Real datasets mix numbers (price, age) with labels (city, plan, browser). Models handle numbers out of the box. Categorical features need care. A naive step — like coding cities as 0,1,2 — creates fake order and skews results. Identify nominal vs ordinal early, pick the right encoding, and plan for high cardinality and unseen values. Get this right, and categorical data becomes signal, not noise.
Types of Data in Machine Learning. What is categorical data?
Machine learning deals with various data types, but they generally fall into two broad categories: categorical and numerical. Understanding these types is a prerequisite for choosing the right preprocessing steps and algorithms.

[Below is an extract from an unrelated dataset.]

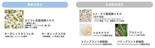 新たに着目したのは、静岡・三島で40年以上にわたりオーガニックハーブづくりをおこなっている、 落合ハーブ園内の自社農園で育ったカミツレ(カモミール)の力です。カミツレ蒸留水を抽出した後の残渣を、アップサイクル利用。未利用資源が秘めた力をバイオテクノロジーで引き出し、肌の土台が 「整う」カミツレ乳酸発酵エキス²を配合。これまで「潤う」ための保湿成分として採用してきたコ メ・クワ麹発酵エキス²とあわせ、日本古来の発酵が生んだオリジナル成分のダブル配合で、いきいき としたハリ・ツヤ肌に導きます。

Categorical data represents groupings or labels (often text) that describe qualities or characteristics, whereas numerical data represents quantifiable amounts or counts. The figure below illustrates this classification of data types:

Numerical data comes in two forms:
- Discrete data are numeric values that are countable and often integer-valued (e.g. number of users, defect counts, inventory stock). You can list out discrete values, and there are no intermediate values between them (for instance, you can have 2 or 3 cars, but not 2.5 cars).

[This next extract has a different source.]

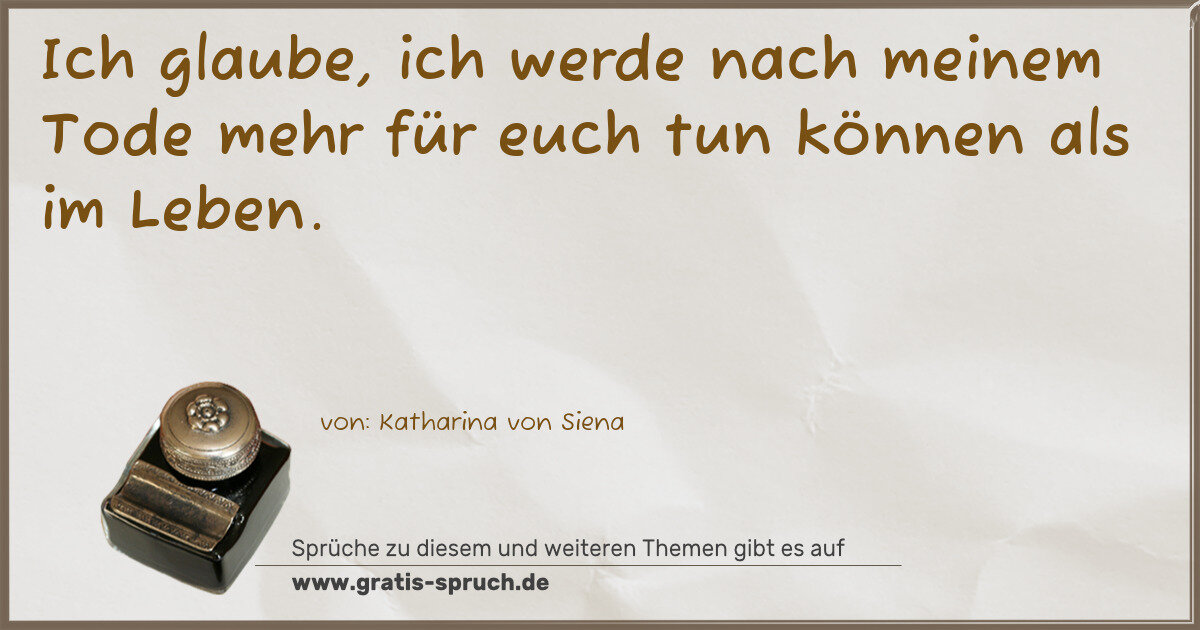 Ich glaube, ich werde nach meinem Tode mehr für euch tun können als im Leben.

- Continuous data are measured on a continuous scale and can take any value within a range, often with fractional or decimal precision (e.g. height in centimeters, temperature in °C, time duration). Between any two continuous values, there are infinitely many possible values.
Categorical data can be divided into nominal and ordinal subtypes:
- Nominal data are categories without any inherent order — for example, colors (red, green, blue), product types (phone, tablet, laptop), or animal species. There is no logical ranking to these labels.
- Ordinal data, on the other hand, consist of categories with a meaningful order or rank, but the intervals between ranks are not equal. Examples include education levels (High School < Bachelor < Master < PhD), or customer satisfaction ratings (Poor < Good < Excellent). Here, Excellent is higher than Good, but we can’t say by how much.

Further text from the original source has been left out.